Through the tool, we get 1024-Bit n and d e to test:
N = bytes
Bytes
Bytes
Bc511951
D = 0x10001
E = Signature
Bytes
Bytes
1965
Set Original information
M = 0x11111111111122222222222233333333333
The execution of such a large number depends on the large number computing database. It is very easy to use Perl for computation:
A) use d to encrypt M as follows:
C = m ** d % N:
C:/temp> Perl-mbigint-e "$ x = Math: bigint-> bmodpow (0x11111111111122222222222233
333333333, 0x10001, 0x328c74784df31119c526d18098ebebb943b0032b599cee13cc2bce7b5f
Bytes
Bytes
0438941d2ed173cca50e114705d7e2bc511951); print $ X-> as_hex"
Bytes
Bytes
Bytes
F1834580c3f6d90898
That is, after M is encrypted with D, the information is:
C = example
Bytes
Bytes
F1834580c3f6d90898
B) use e to decrypt C as follows:
M = C ** E % N:
C:/temp> Perl-mbigint-e "$ x = Math: bigint-> bmodpow (0x17b287be418c69ecd7c39227ab
Bytes
Bytes
Bytes, 0xe760a
Bytes
Bytes
Bytes
592d2b1965, large
Bytes
Bytes
D2ed173cca50e114705d7e2bc511951); print $ X-> as_hex"
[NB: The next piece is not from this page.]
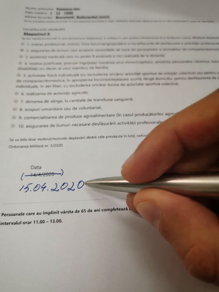 ”Întrebare: Având în vedere că din cauza restricțiilor este dificil să găsim foi pentru completarea declarațiilor pe proprie răspundere, mai ales pentru persoanele în vârstă sau din mediul rural, este permis să refolosim declarația prin modificare datei, în cazul deplasărilor pentru tratamente medicale frecvente sau pentru deplasări la magazinul din apropierea casei ori la farmacie? În funcție de posibilități, se poate tăia cu pixul sau cu pastă corectoare?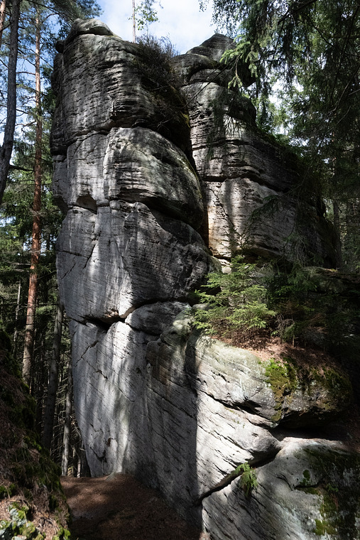 JZ stěnou na blok u jižní hrany a JV komínem na vrchol.

Zero X 11111111111122222222222233333333333
(It takes about 5 seconds for my P4 1.6g instance)
The decrypted m with E is 0x11111111111122222222222233333333333 = m.
C) general implementation of RSA
RSA is concise and elegant, but its computing speed is relatively slow. Generally, RSA is not directly used in encryption to encrypt all information,
The most common scenario is to randomly generate a symmetric encryption key, encrypt the information using the symmetric encryption algorithm, and then use
RSA encrypts the encryption key.
Finally, it must be noted that the N with less than 1024 bits has been proved unsafe.
Do not use RSA with less than 1024 bits. It is best to use 2048 bits.